(Data extracted from a collection)
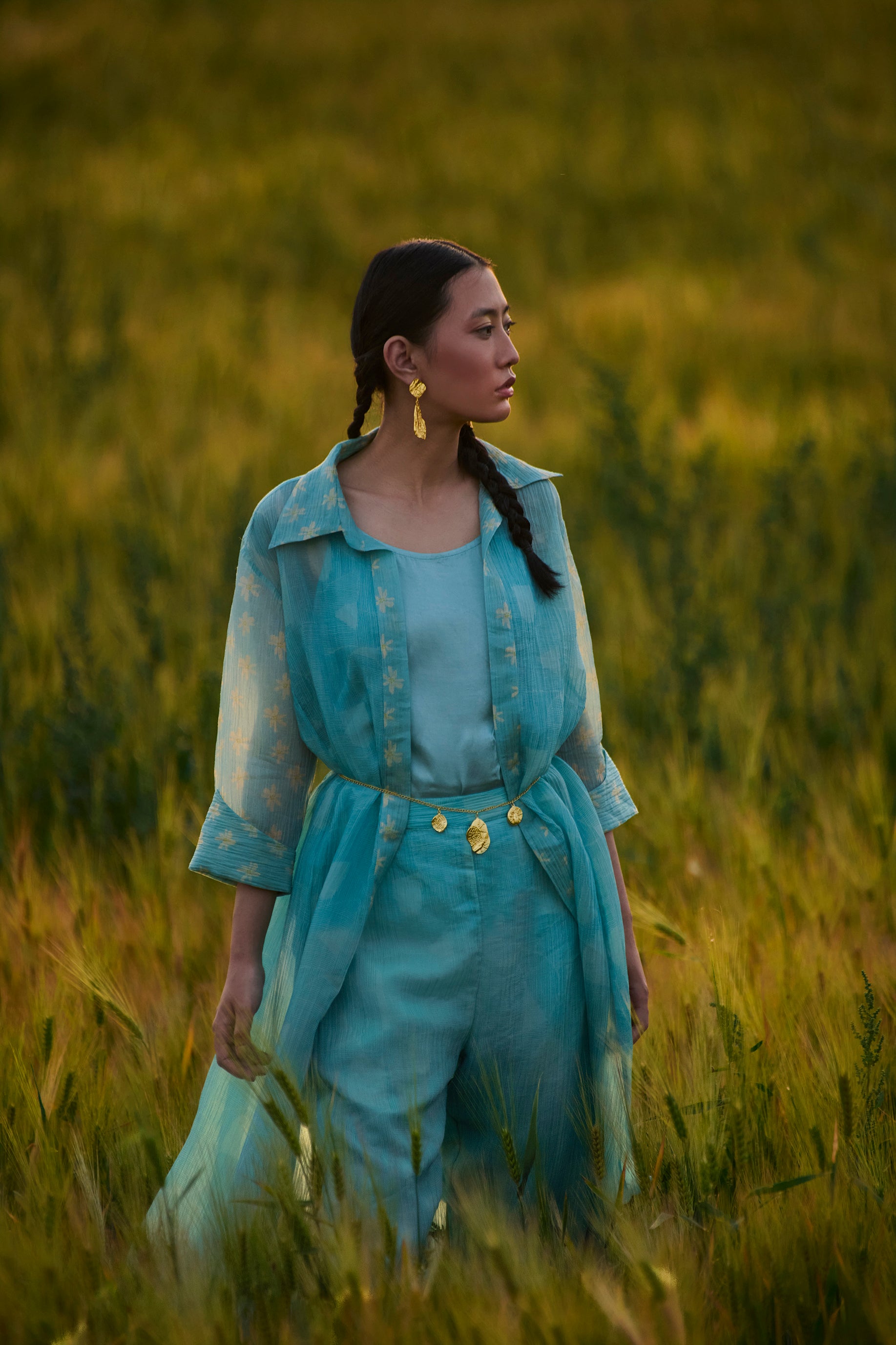 A three piece jacket set comprises of a collared shirt pattern paired with pants expressed in abstract prints designed in-house plant based Japanese fabric
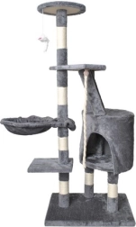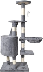 Nudi više razina za mačke, uključujući udobnu kućicu, stepenice i viseću igračku koja potiče mačju znatiželju.
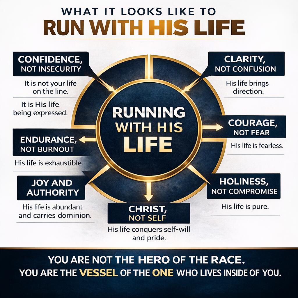 When we run with His life, we are no longer fueled by fear, anxiety, or exhaustion. We begin to move with the strength, clarity, courage, endurance, and purpose that come from Christ living in us. This message is a powerful reminder that we are not called to live as fugitives trying to escape life, but as vessels carrying divine assignment, walking in the victory and abundant life of Jesus Christ.
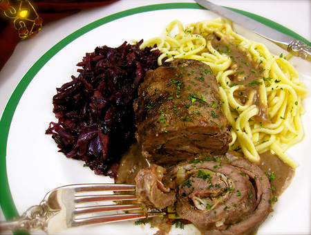 Stir cornstarch and reserved 3 tablespoons beef stock in cup; stir into skillet to thicken pan juices. Bring to low boil; cook, stirring constantly until thick and glossy, about 4 minutes. Season to taste with sea salt and pepper. Ladle gravy over rouladen and garnish with additional chopped parsley. Serve with Spätzle.
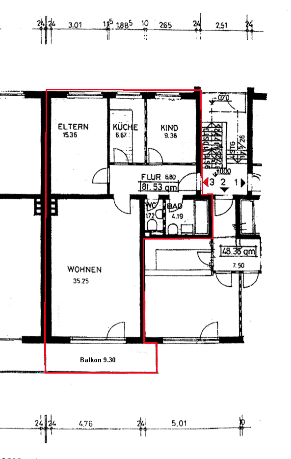 Die Wohnung verfügt über einen optimalen Raumschnitt und ist hervorragend belichtet. Vom 35m² große Wohn-/Esszimmer aus gelangt man auf den 9,3m² großen, gerade aufwendig sanierten, Südbalkon mit neuwertiger Sonnenmarkise.
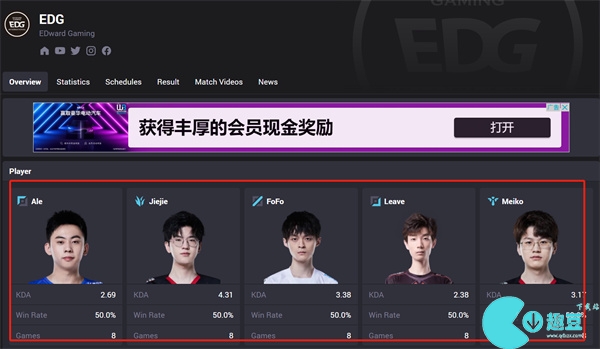 3、进入edg战队主界面就可以查看到所有的选手信息了。

Task: Print the records above again exactly. Leave out the images.

Exercise answer:
 A three piece jacket set comprises of a collared shirt pattern paired with pants expressed in abstract prints designed in-house plant based Japanese fabric
 Nudi više razina za mačke, uključujući udobnu kućicu, stepenice i viseću igračku koja potiče mačju znatiželju.
 When we run with His life, we are no longer fueled by fear, anxiety, or exhaustion. We begin to move with the strength, clarity, courage, endurance, and purpose that come from Christ living in us. This message is a powerful reminder that we are not called to live as fugitives trying to escape life, but as vessels carrying divine assignment, walking in the victory and abundant life of Jesus Christ.
 Stir cornstarch and reserved 3 tablespoons beef stock in cup; stir into skillet to thicken pan juices. Bring to low boil; cook, stirring constantly until thick and glossy, about 4 minutes. Season to taste with sea salt and pepper. Ladle gravy over rouladen and garnish with additional chopped parsley. Serve with Spätzle.
 Die Wohnung verfügt über einen optimalen Raumschnitt und ist hervorragend belichtet. Vom 35m² große Wohn-/Esszimmer aus gelangt man auf den 9,3m² großen, gerade aufwendig sanierten, Südbalkon mit neuwertiger Sonnenmarkise.
 3、进入edg战队主界面就可以查看到所有的选手信息了。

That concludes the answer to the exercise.